Initialization

The initializing step of the algorithm is illustrated in figure 1. Consider an arbitrary point $P_{2,i}$ in the frame $F_{2}$ and try to find the corresponding points in $F_{1}$ and $F_{3}$. Using the maximum speed constraint, project the location of $P_{2,i}$ onto $F_{1}$ and $F_{3}$ and determine the search areas of $P_{2,i}$ in $F_{1}$ and $F_{3}$ as those regions that may contain the candidate matching points for $P_{2,i}$. Denote by $S^-_{k,i}$ and $S^+_{k,i}$ the search areas of $P_{k,i}$ in $F_{k-1}$ and $F_{k+1}$, respectively. The radius of these circular areas is defined by the maximum speed $v_{max}$.

  

Figure 1: Initializing the tracking procedure. The filled circles are the moving points, the empty circles their locations projected to the neighboring frames. The solid lines show the competing trajectories. The dashed lines illustrate the formation of the search areas.

Then consider all possible triplets of points $(P_{1,n},P_{2,i},P_{3,m})$, $P_{1,n}\in S^-_{2,i}$, $P_{3,m}\in S^+_{2,i}$, that contain the point $P_{2,i}$. Find the triplet  $(P_{1,a},P_{2,i},P_{3,b})$that minimizes for $k=2$ the cost function $\delta(P_{k-1,n},P_{k,i},P_{k+1,m})$.

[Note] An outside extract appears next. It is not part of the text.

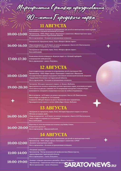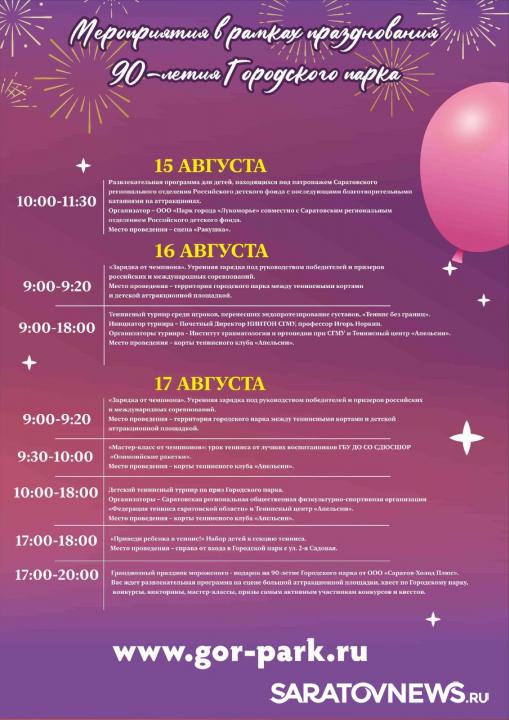 17 августа саратовскому городскому парку исполняется 90 лет. В честь этого события планируются праздничные мероприятия, о чем сообщает администрация парка.

A cost function evaluates the local deviation from smoothness and penalizes changes in both direction and magnitude of the velocity vector. Its value is normalized so as to span the range $[0,1]$, with $0$ meaning no change at all. Different cost functions implemented and tested with the proposed algorithm are defined in section 4.4. The IPAN Tracker uses the cost limit $\delta_{max}\in [0,1]$ as a smoothness threshold to discard obviously wrong links. (The setting of $\delta_{max}$ is discussed in section 4.5.)

Select the triplet  $(P_{1,a},P_{2,i},P_{3,b})$ as the initial hypothesis and rank the remaining triplets according to their cost values. (The triplets with $\delta < \delta_{max}$ are only considered.) Test the initial hypothesis by scanning $S^-_{3,b}$, the search area of $P_{3,b}$ in $F_{2}$. Let $P_{2,q}$ be a point in $S^-_{3,b}$. (See figure 1.) If $S^-_{2,q}$ has a point $P_{1,r}$ such that $\delta(P_{1,r},P_{2,q},P_{3,b}) < \delta(P_{1,a},P_{2,i},P_{3,b})$, then the initial hypothesis is rejected and the second ranking hypothesis is considered and tested. Otherwise, the testing of the initial hypothesis proceeds with checking $P_{1,a}$in the same way. If this check is also successful, $(P_{1,a},P_{2,i},P_{3,b})$ is output as the initial part of the trajectory of $P_{1,a}$. The correspondences established are not altered during further processing.

If all the hypotheses for $P_{2,i}$ have been rejected, this point is not linked to $F_{1}$ and $F_{3}$. It is still possible that $P_{2,i}$ will be linked to $F_{3}$when the latter is processed. In such case $P_{2,i}$ appears and opens a trajectory.

When all points of $F_{2}$ have been processed, some points in the neighboring frames may remain unmatched. A point in $F_{1}$ that is not linked to any point in $F_{2}$ disappears, that is, either leaves the view field or temporarily disappears within the image, e.g., due to occlusion. An unmatched point in $F_{3}$ may later open a trajectory.

In the above description of the hypothesis testing procedure, the original hypothesis is rejected immediately when a `stronger' triple $(P_{1,r},P_{2,q},P_{3,b})$ is found. However, $(P_{1,r},P_{2,q},P_{3,b})$ can itself be overruled by still another triple if the verification proceeds by testing $(P_{1,r},P_{2,q},P_{3,b})$ in a similar way, that is, by switching back to $F_{2}$ and $F_{3}$. The original hypothesis can possibly be restored. This deeper verification implies a longer sequence of simultaneous events whose probability decreases rapidly with the verification depth $N_{ver}$. The version described above is $N_{ver}=1$. Currently, we use $N_{ver}=2$ which is sufficient for point sets of reasonable density. (See section 4.5 for a discussion.)